The association among the LN harvest, survival, and node positivity
After further stratifying patients based on the number of LNs examined in a narrower range, univariable and multivariable analyses were conducted to confirm the association among LN harvest, survival, and node positivity in both derivation and validation cohorts. The 5-year CSS rates and overall survival (OS) rates of patients with 19 or more LNs examined were significantly higher (5-year CSS for < 12 vs. 12–18 vs. ≥ 19 nodes, 74.4% vs. 82.1% vs. 89.5%, P < 0.001; 5-year OS for < 12 vs. 12–18 vs. ≥ 19 nodes, 54.7% vs. 65.6% vs. 75.6%, P < 0.001). After the adjustment for relevant covariables, multivariable analysis revealed that a minimum of 19 LNs examined was associated with improved survival compared with those of 12–18 nodes (CSS: adjusted HR 1.58, P < 0.001; OS: adjusted HR 1.31, P < 0.001) and fewer than 12 nodes (CSS: adjusted HR 2.26, P < 0.001; OS: adjusted HR 1.80, P < 0.001) (Fig. 2). Similar survival benefits from 19 or more LN harvest were also found in the validation cohort (Fig. 2). Subgroup analyses were conducted in patients with older age, small tumor size, appendix cancer, and transverse colon cancer, who were more likely to receive an inadequate lymphadenectomy. An increased risk of cancer-special mortality could also be observed in patients with 12–18 nodes examined in these subgroups (Fig. S1).

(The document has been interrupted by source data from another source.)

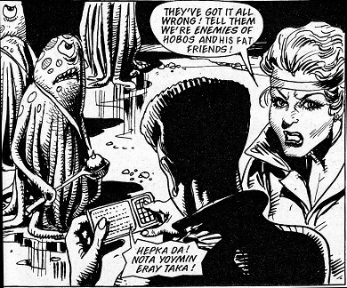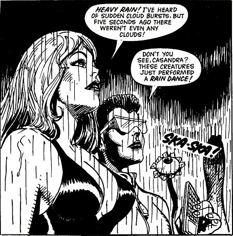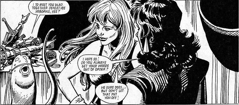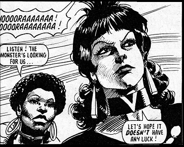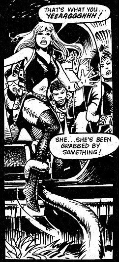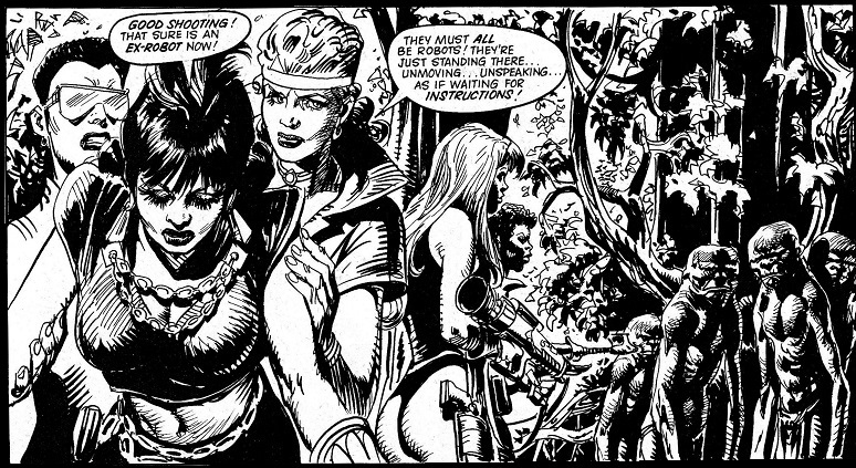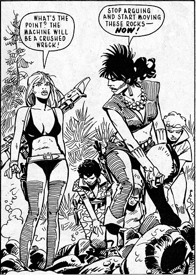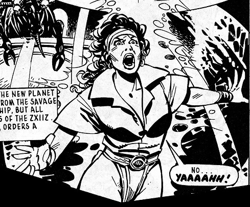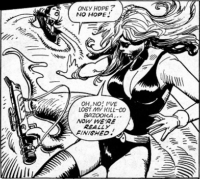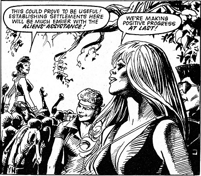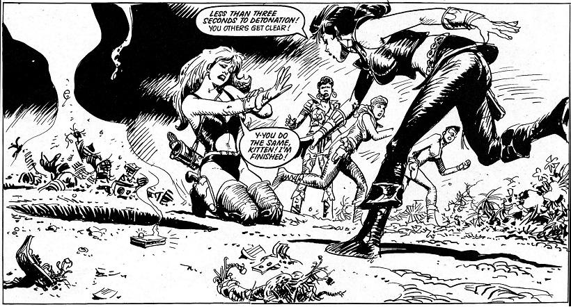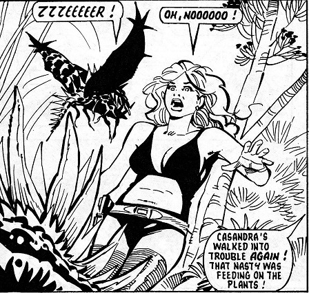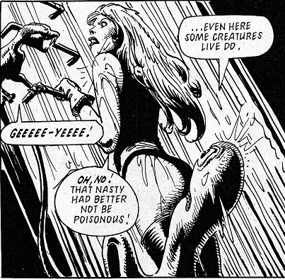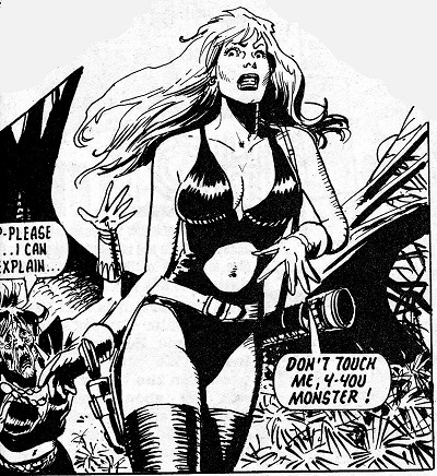 Their adventures involved exploring the tropical jungle area of their new planet and, consequently encountering numerous bizarre and often unfeasible alien life-forms, many of which, surprisingly enough, could speak English. Ortiz, whom, it must be said, appears to enjoy artistically rendering the female form in this story, (in states of semi-undress) as the pictures here hopefully demonstrate. Perhaps due to the humid jungle atmosphere? No doubt. Though I'm sure the marketeers over at Kings Reach Tower, home of Fleetway, knew exactly what they were doing. Bearing in mind Wildcat was published 25 years ago, one cannot choose but wonder if reprints or a continuation of this story would ever see the light of day in today's terribly and all-smothering politically correct climate. They know what's best for us, after all! Apparently. |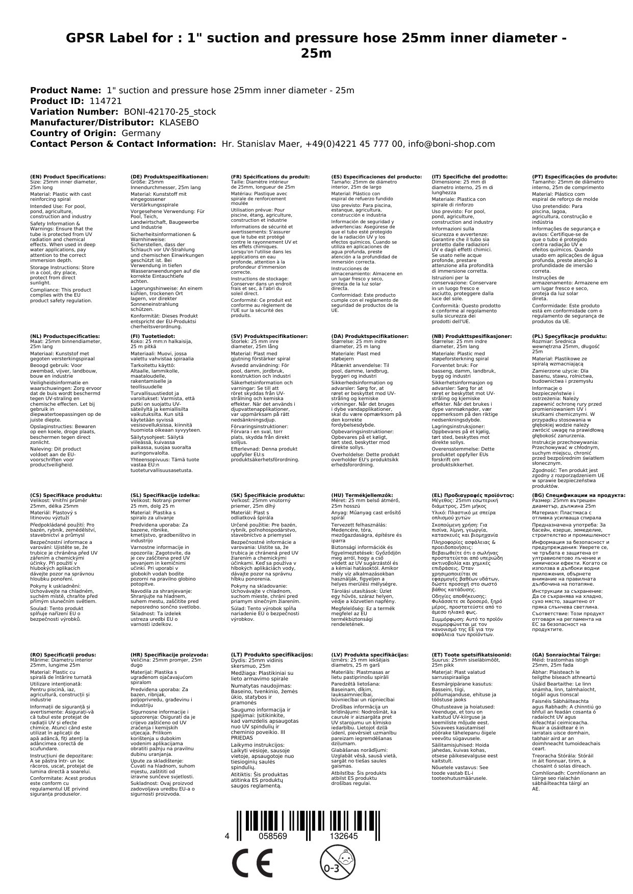 - REACH- und RoHS-Konformität: Der Schlauch entspricht den europäischen Richtlinien 2007/19/EC und 10-2011 gem. A-B-C.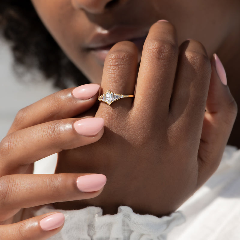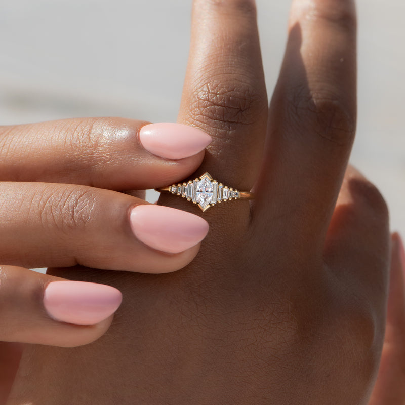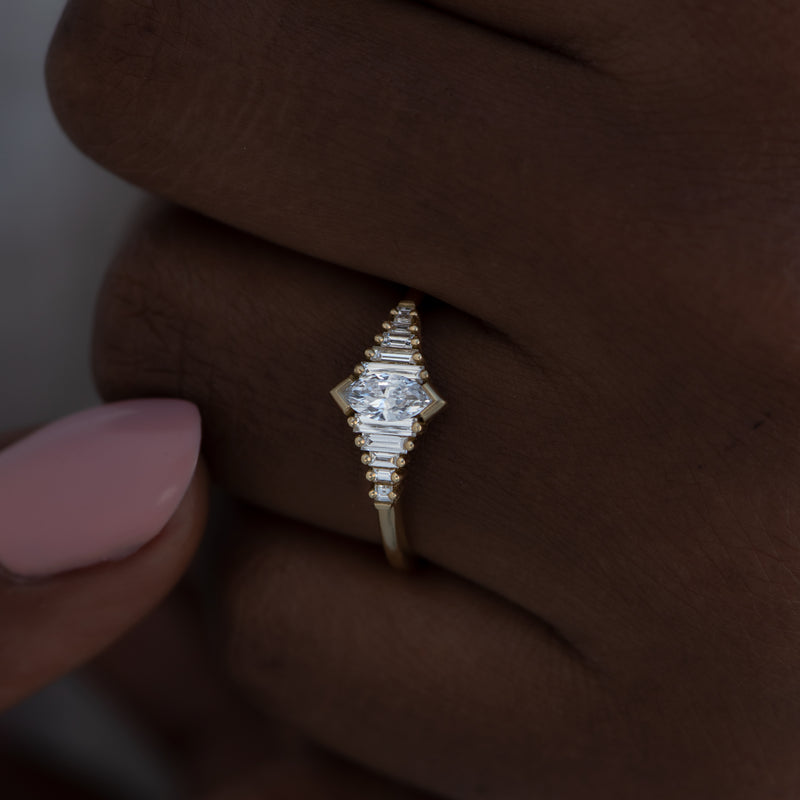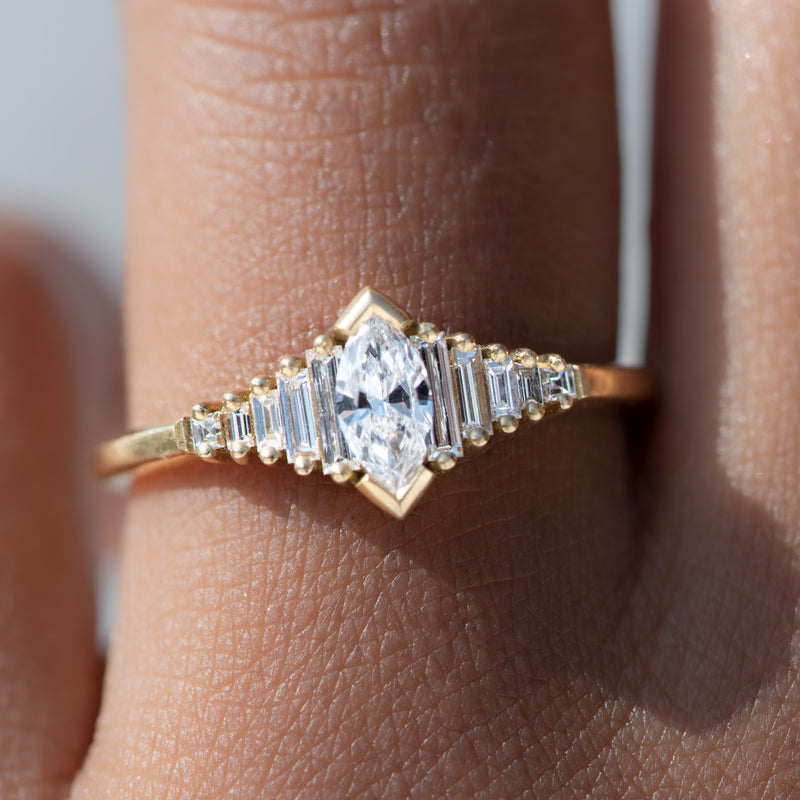 Dainty Deco Engagement Ring with Marquise Diamond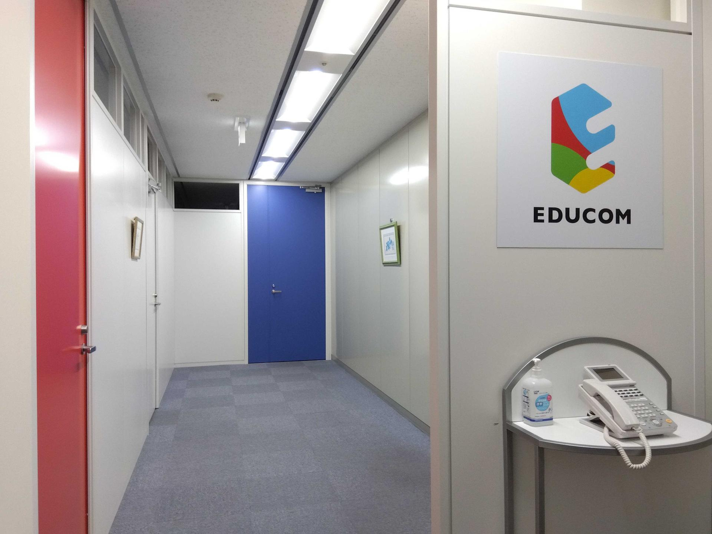 2階にあがると、EDUCOMのロゴが飾られているエントランスに到着します。エントランスのお電話をかけていただければ、スタッフがお迎えに上がります。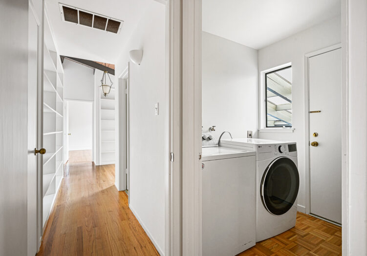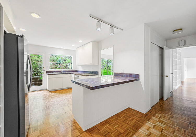 The primary suite features wall-to-wall closets, an updated bathroom, and direct access to a private patio and hillside garden retreat. Three additional bedrooms and a full bath are thoughtfully located down the hall from the kitchen area.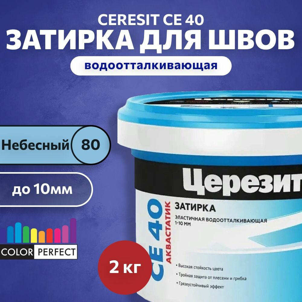 Купить Затирка для швов до 10 мм водоотталкивающая Ceresit CE 40 Aquastatic 80 небесный 2 кг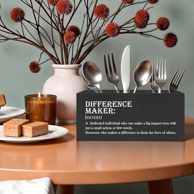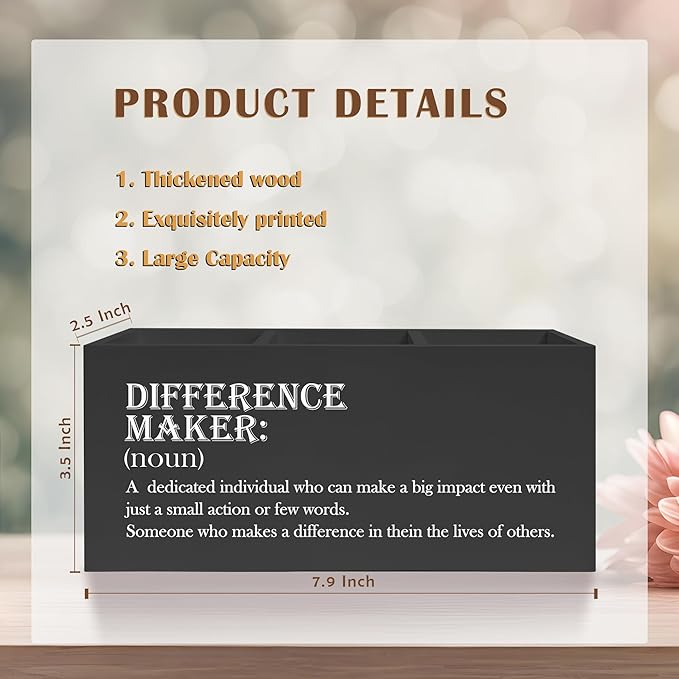 Difference Maker Gift Pencil Pen Holder for Desk, Appreciation Thank You Gifts for Coworkers Employees Boss Teacher Mentor Wooden Pencil Holder Organizer for Home Office Desk Accessories

In terms of node positivity, more positive LNs could be detected after a minimum of 19 LN harvest. Patients with 19 or more LNs examined had higher rates of LN metastases and N2 stage than those with fewer than 19 nodes (Table 4). Compared with a minimum of 19 LN harvest, the fewer LNs examined (< 12 nodes: adjusted OR 0.84, P < 0.001; 12–18 nodes: adjusted OR 0.93, P = 0.003) were associated with a decreased risk of node positivity. The consistent findings were also recognized in the validation cohort (Table 4).
Discussion
Lymph node–negative RSCC is associated with better survival than those in left-sided colon, while the cancer-specific mortality is significantly increased in RSCC after LN metastasis [2]. Therefore, an adequate LN examination is essential to accurately evaluate the LN status and avoid understaging in patients with RSCC. We designed this largest population-based study, to explore the optimal LN yield in stage II RSCC associated with the prognosis and LN positivity. A minimum of 12 LN harvest recommended by the AJCC seemed to be insufficient. Our data determined 19 LNs as the optimal cut-off point for improved CSS and accurate nodal staging. Patients with older age, small tumor size, appendix, and transverse colon cancer were more likely to receive an inadequate pathologic examination of the surgical specimen.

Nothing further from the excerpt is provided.